Trade war: a framework for thinking about the volatile road ahead
The Canada vs. U.S. trade war is now underway, with a sweeping 25% tariff on Canadian exports in place (10% on Canadian energy) and a retaliatory tariff applied to $30B of American goods, set to increase to $155B in three weeks time.

Source: Trevor Tombe, University of Calgary
The most important variable now becomes the duration of the dispute, and how the impact is magnified as time goes on. We dug through historical precedents, combed through hundreds of transcripts, and analyzed market returns to give you a framework for thinking about the challenging road ahead.
You are here: volatility & uncertainty
In this phase there’s a lot of headline risk, but very little economic impact. Uncertainty and volatility rise as everyone scrambles for answers, and there’s not a unified message from country/provincial leadership on the path forward.

This uncertainty has been visible at the corporate level this earnings season, with a number of downward revisions to guidance and some companies pulling guidance altogether.

It’s also evidenced by U.S. trade data, which shows U.S. companies are pulling forward imports as they brace for impact, the same way they did in 2018.

Markets have begun pricing outcomes, resulting in heavy trading and volatility, a tailwind to the trading-linked segments of both the banks and exchange operators like TMX Group (X).

If the dispute is resolved in this phase, the fundamental impact to Canadian companies should be negligible, creating some attractive opportunities in names that sold off.
In our research on steel & aluminum tariffs we published in January, we highlighted which parts of the value chain had exposure and which were insulated. The exposed names we highlighted could outperform from here, in the event of a resolution.

Phase 2: adjustment & strategy shifts
Phase 2 is where governments, companies, and markets collectively say “this is real”. We’re getting closer to this phase, but not there yet in our view.
At the economic level, we’d start seeing tangible impacts of the trade tax imposed by both countries. Exports would fall, as they did during the 2018 steel & aluminum tariffs from Trump’s first campaign.

Cost inflation would likely begin hitting consumers and weighing on corporate earnings, resulting in layoffs across exposed sectors.
We published research a month ago highlighting that 2.4M workers in Canada are tied to U.S. exports, meaning for every 5% of these employees laid off, unemployment would climb by ~0.5%.

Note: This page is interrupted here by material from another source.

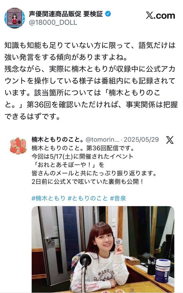 実際に楠木ともり本人がラジオ収録中に公式アカウントを操作し、該当のリプライを送る様子は「楠木ともりのこと。」第36回で確認できる

Policy measures would likely be formalized during this stage to mitigate the economic fallout from the dispute.
Such measures would likely include further rate cuts and fiscal stimulus, with some analysts estimating in aggregate (provincial and federal), Canada has ~$200B of firepower it could use if necessary.

In markets, we’d expect less volatility than in phase 1, though we’d favour duration exposure through phase 2, as we highlighted in our research from earlier this week.
Phase 3: resolution or entrenchment
If we make it to this phase (hopefully not), our guess is that the USMCA renegotiation is the fork in the road moment. It’s slated for a 2026 review but could come sooner, if the Trump administration continues to apply pressure.
If all parties reach an agreement and de-escalate, markets would rally as risk appetite returns, supply chains gradually improve, and governments reduce their stimulative efforts.
If not, the economic fallout would continue, with the BoC predicting a prolonged trade war could permanently reduce GDP by up to ~3%. The fabric of global trade would be altered, as Canada seeks to diversify away from the U.S. and reignite interprovincial trade, a topic that we dug into a month ago.

In this scenario, trade-exposed equities could face long lasting valuation impairments, and broad markets would have to deal with the largest trade shock since the Smoot-Hawley Tariff Act from nearly a century ago.